Cutting red tape will free an extra 3.2 million doctor appointments

27 Jun 02
GPs have urged the Department of Health to implement immediately proposals that would slash their paperwork and enable them to see another 100 patients each per year.

28 June 2002

A report from the Cabinet Office's Regulatory Impact Unit published this week said up to 3.2 million GP appointments in England could be saved by removing unnecessary form-filling in areas such as repeat prescriptions, housing applications and disability benefit claims.

Making a difference: reducing burdens on general practitioners – second report identified 19 areas where appointments are made for routine or non-medical reasons. It says the biggest saving could be found by issuing one prescription for long-term, stable conditions which could then be dispensed in instalments by pharmacists.

It is thought that between 60% and 75% of prescriptions are repeats and replacing them would save GPs 2.7 million hours a year. Pilots of the initiative are due to start in the autumn and should be extended nationwide by 2004.

Nurses could be given greater prescribing rights, while GPs should limit their role in social housing and disability applications to clinical details, it adds.

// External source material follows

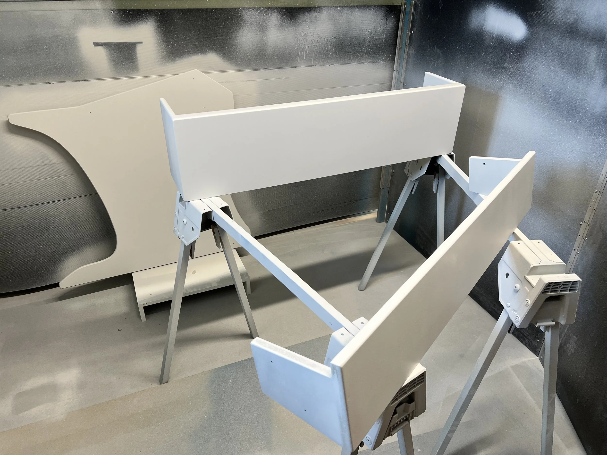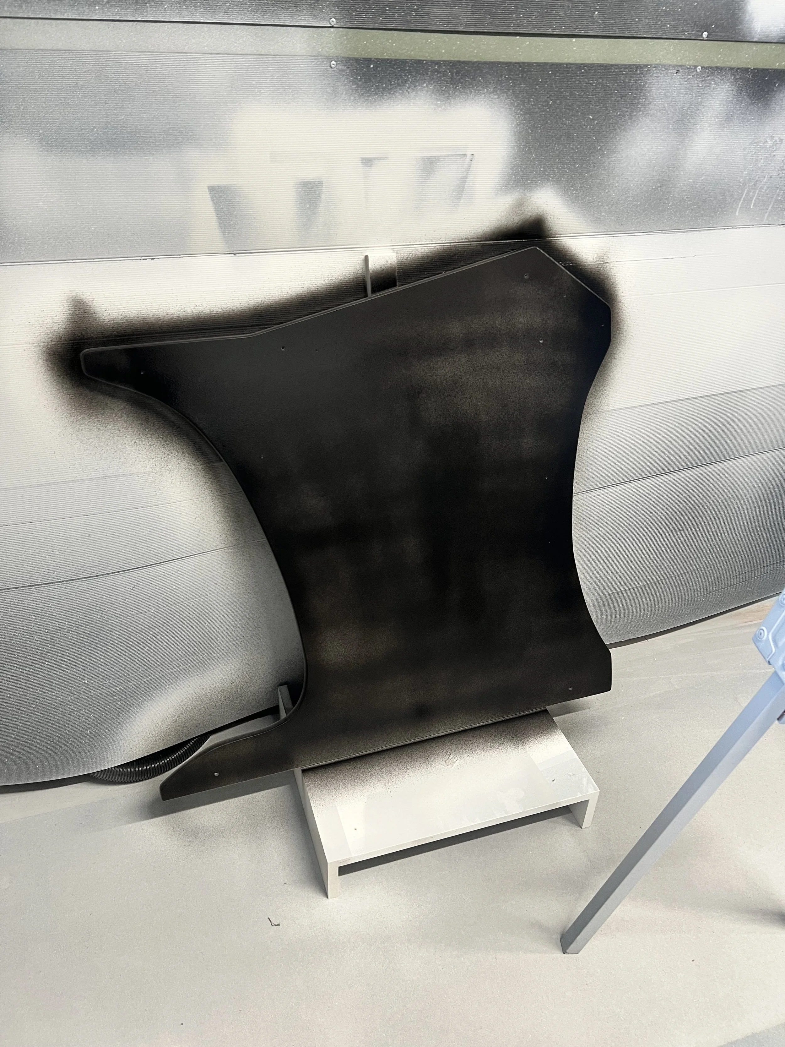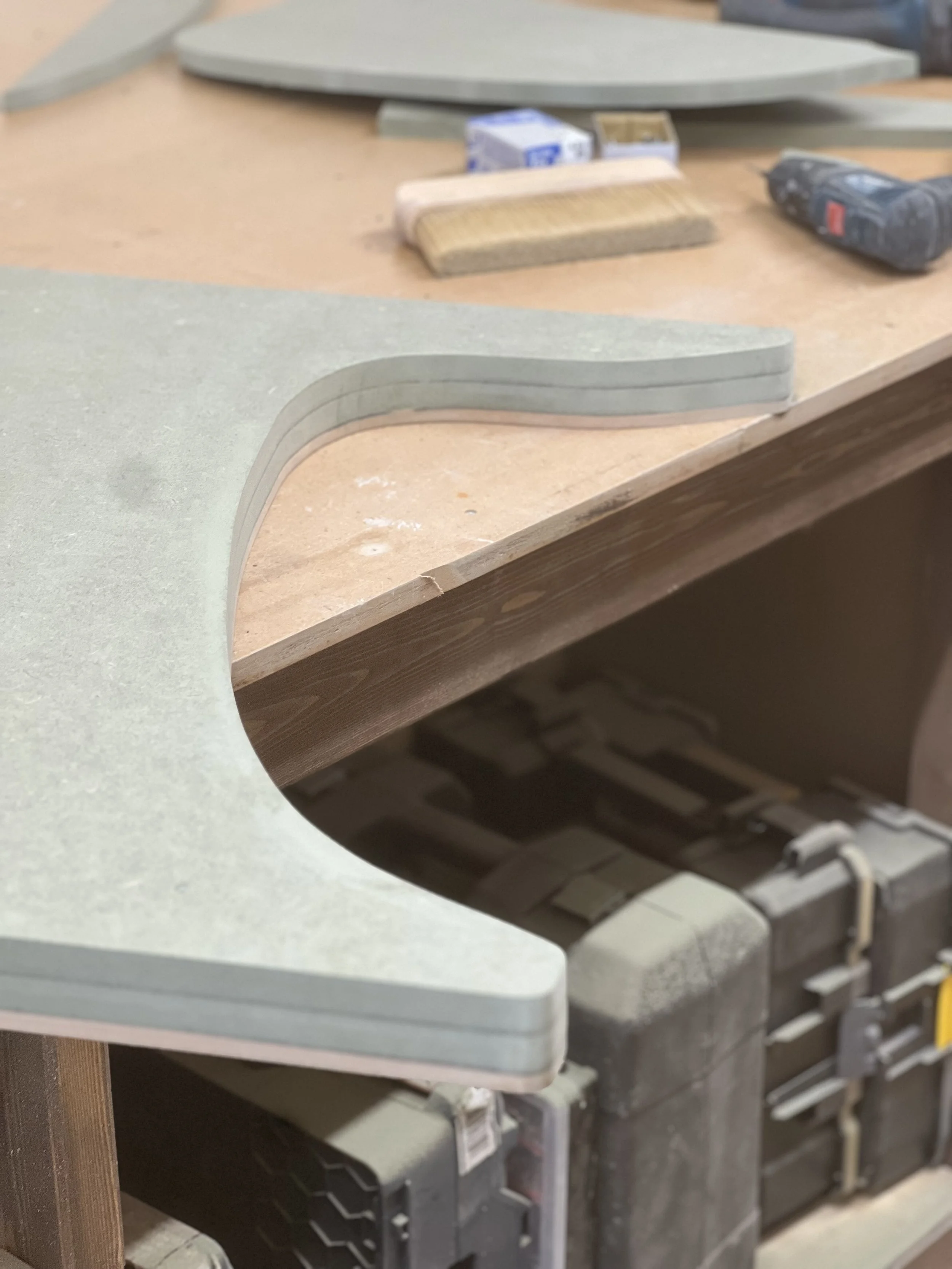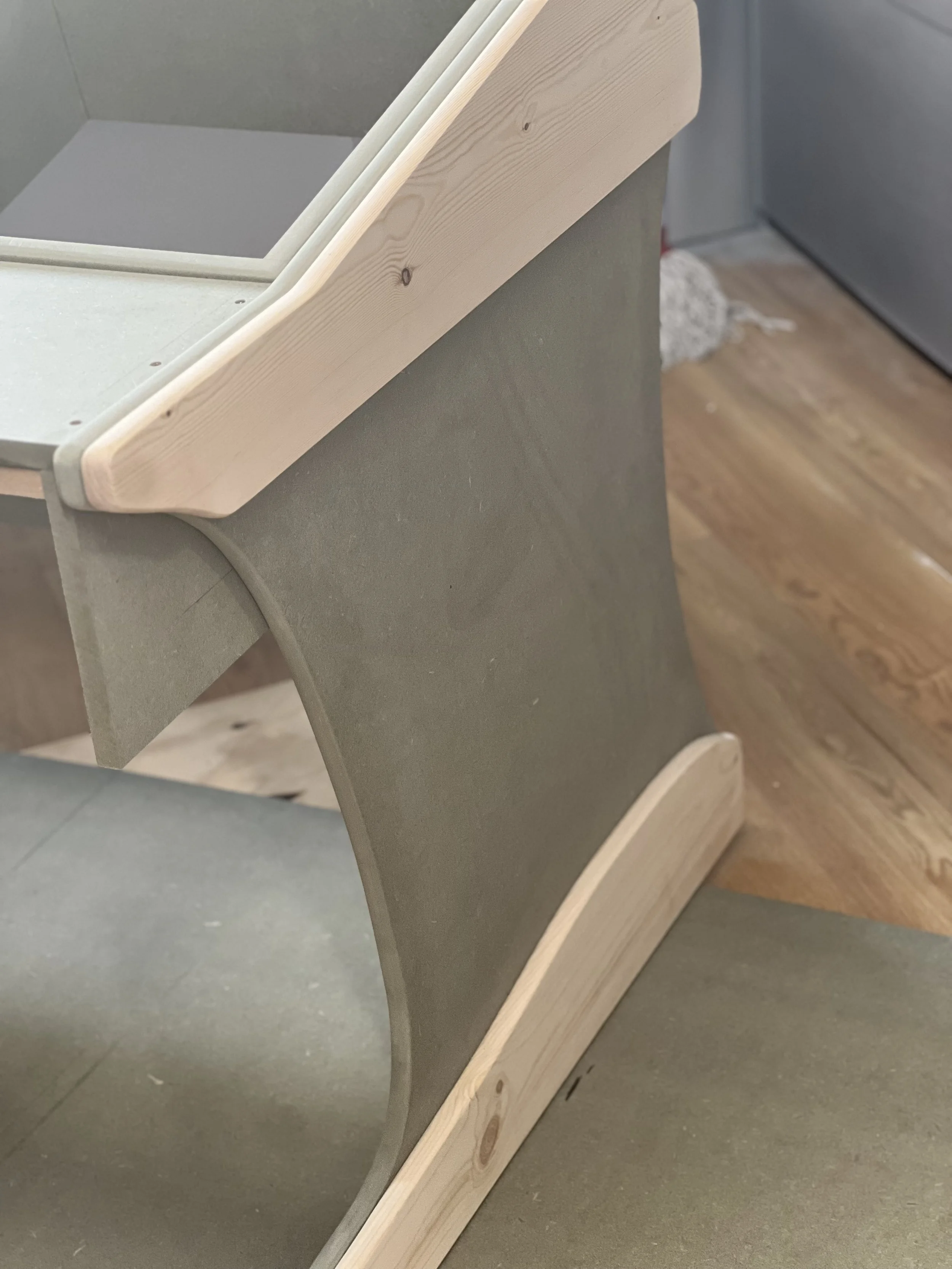 This custom-built mixing desk was designed to meet a client’s exact studio requirements. Constructed with a sleek black finish and contrasted with stained timber details, it features integrated compartments and a pull-out keyboard shelf. Built for both style and practicality, the desk creates a professional workspace tailored for music production.

Dr Peter Holden, one of the British Medical Association's representatives on the report's advisory panel, said: 'It is now time for the Department of Health and Department for Work and Pensions to turn these ideas into firm action. Hard-pressed GPs will wish to see these measures implemented without delay.'

The report follows a similar study published in March last year that found 7 million appointments could be saved through such simple changes as reducing the number of medical reports for life insurance and removing the expectation that GPs would sign sick notes for short periods of absence from work.

Freeing the appointments identified in the two reports would be the equivalent of hiring an extra 1,200 GPs.